Johannes Heiny: Recent advances in large sample correlation matrices and their applications

15 March 2021 16:00 | Add to my calendar

Many fields of modern sciences are faced with high-dimensional data sets. In this talk, we investigate the spectral properties of large sample correlation matrices.

First, we consider a p-dimensional population with iid coordinates in the domain of attraction of a stable distribution with index α ∈ (0,2). Since the variance is infinite, the sample covariance matrix based on a sample of size n from the population is not well behaved and it is of interest to use instead the sample correlation matrix R. We find the limiting distributions of the eigenvalues of R when both the dimension p and the sample size n grow to infinity such that p/n→ γ. The moments of the limiting distributions Hα,γ are fully identified as the sum of two contributions: the first from the classical Marchenko-Pastur law and a second due to heavy tails. Moreover, the family {Hα,γ} has continuous extensions at the boundaries α = 2 and α = 0 leading to the Marchenko-Pastur law and a modified Poisson distribution, respectively. A simulation study on these limiting distributions is also provided for comparison with the Marchenko-Pastur law.
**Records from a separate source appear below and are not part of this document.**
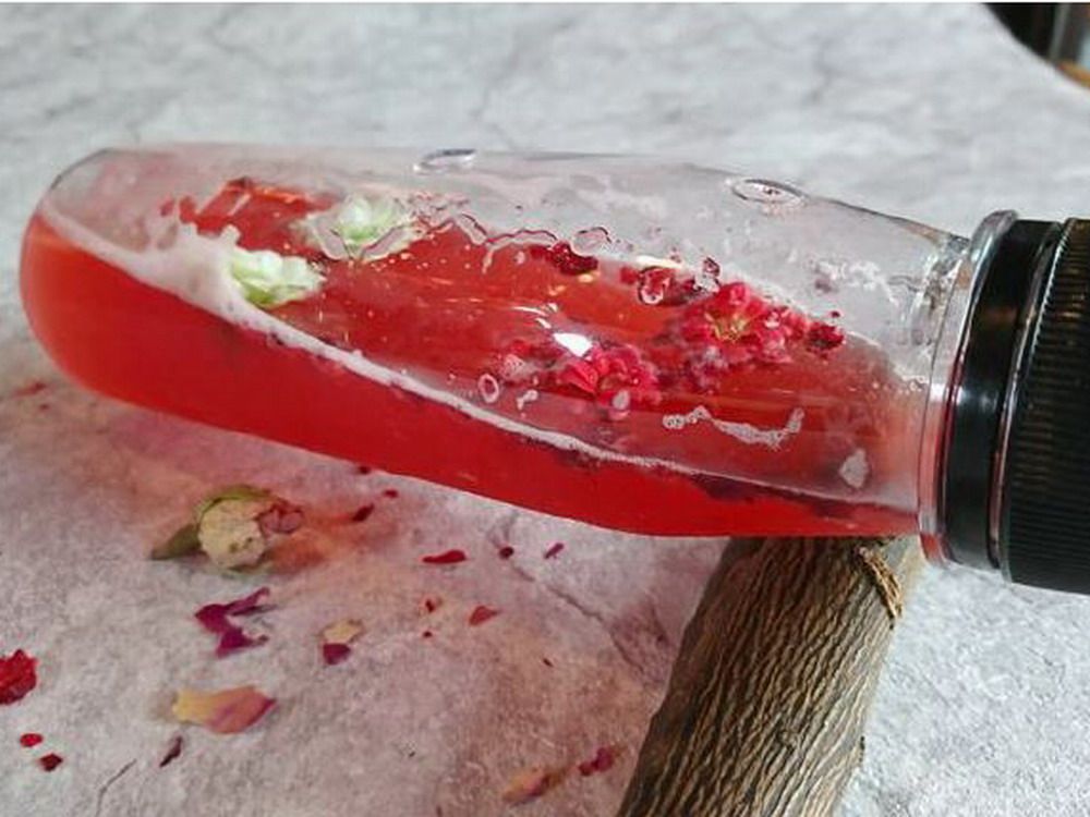 甜香乳酸菌飲料加入酸溜葡萄柚汁,並撒上A.Ta沙漠湖鹽,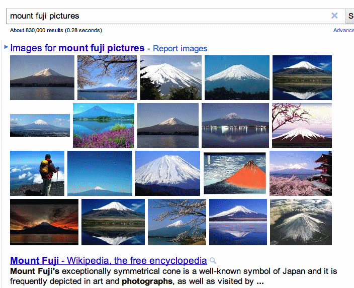 SERPが華やかに (Google Inside Search)グーグルのウェブ検索で、「photos」「pictures」「images」のような明らかに画像や写真を探していると判断できるキーワードと組み合わされた検索には、従来よりもずっと多くのサムネイル画像がユニバーサル検索として表示されるようになった。米国の公式ブログでの発表だ。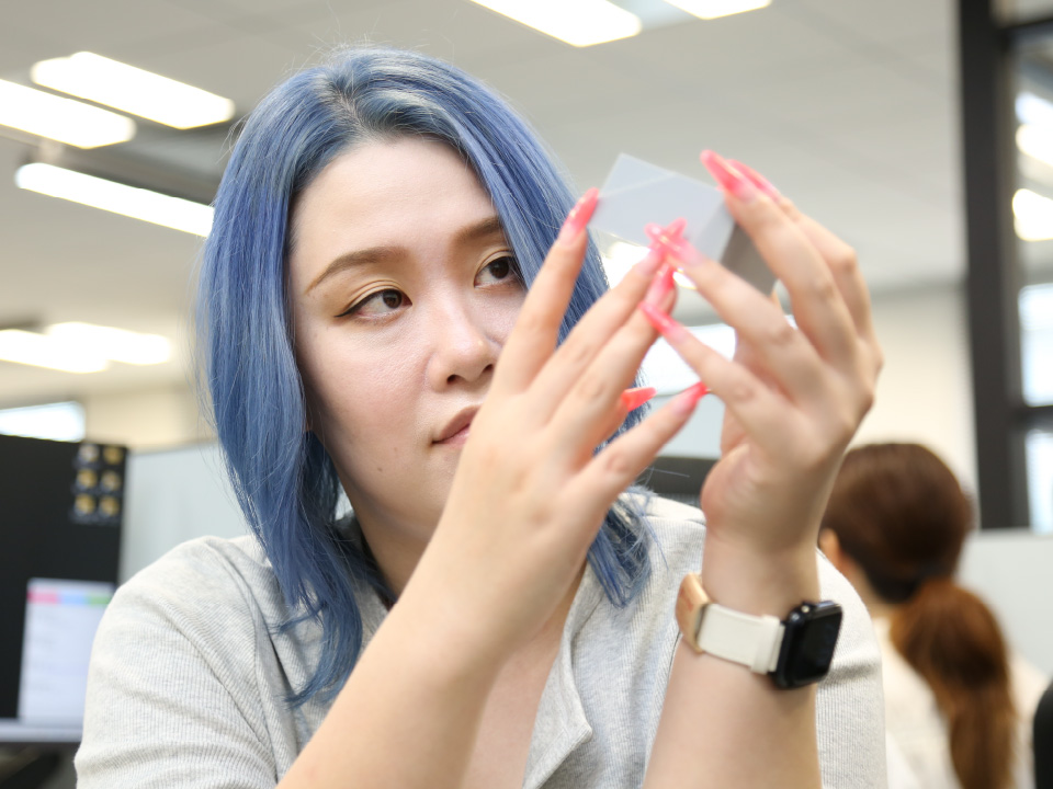 入社の決め手は、自分の希望に合っていたことが1番だと思います。経験したことのない職業をやってみたく、未経験で働けて、見た目が自由な箇所が私にとってうれしい条件で入社を決めた理由になるのかなと思います。写真の通り髪色が自由で、ネイルに関しても好きにさせてもらっています。設計の会社と聞くと厳しいのかなと思うところがありますが、若い社員も多く、上司の方とも仲良くさせていただいていて、自由に働けるいい環境です。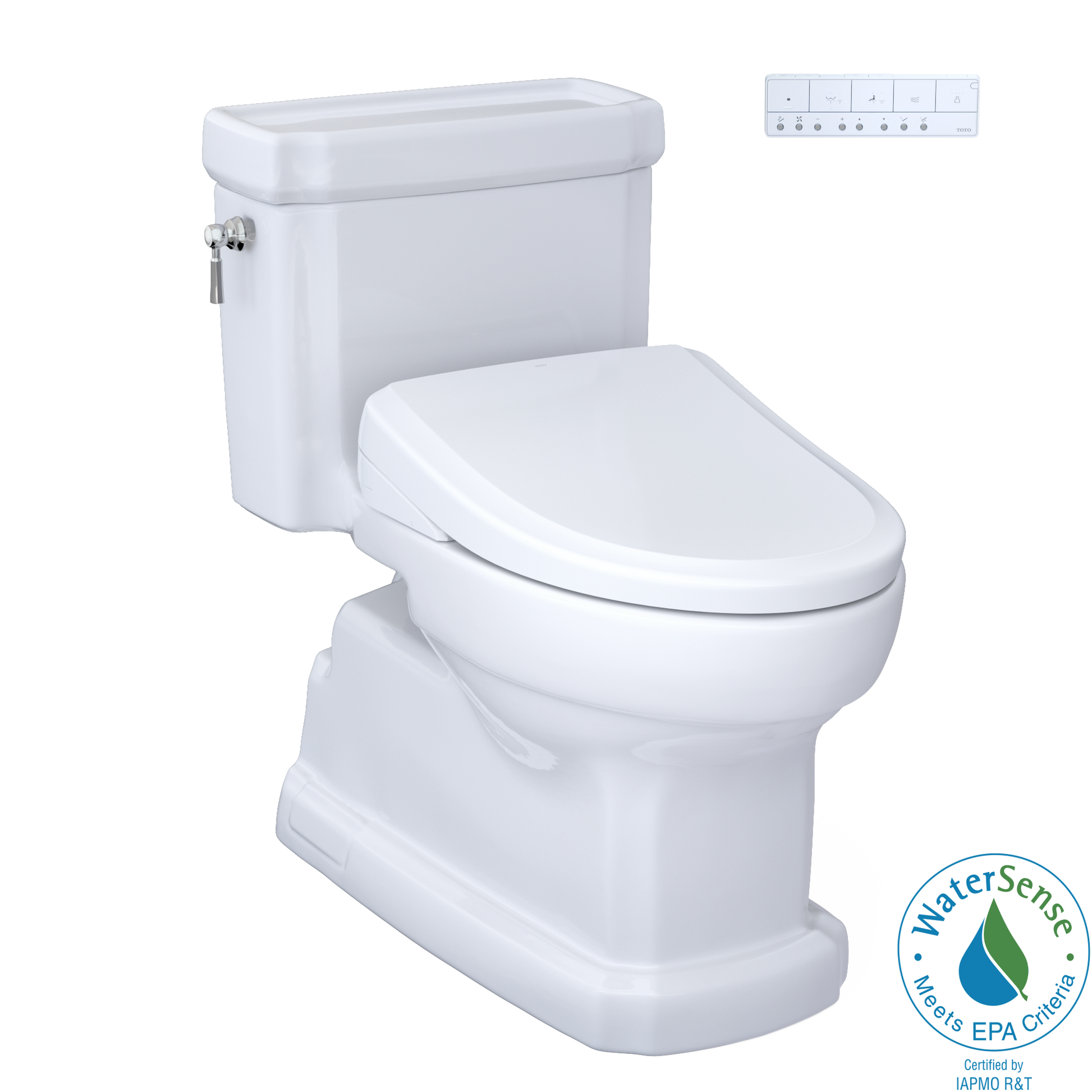 - WASHLET+ bidet seat and one-piece toilet, specially designed to conceal the WASHLET water supply and power cord for seamless integration

In the second part of this talk, we assume that the coordinates of the p-dimensional population are dependent and p/n ≤ 1. Under a finite fourth moment condition on the entries we find that the log determinant of the sample correlation matrix R satisfies a central limit theorem. In the iid case, it turns out the central limit theorem holds as long as the coordinates are in the domain of attraction of a stable distribution with index α > 3, from which we conjecture a promising and robust test statistic for heavy-tailed high-dimensional data. The findings are applied to independence testing and to the volume of random simplices.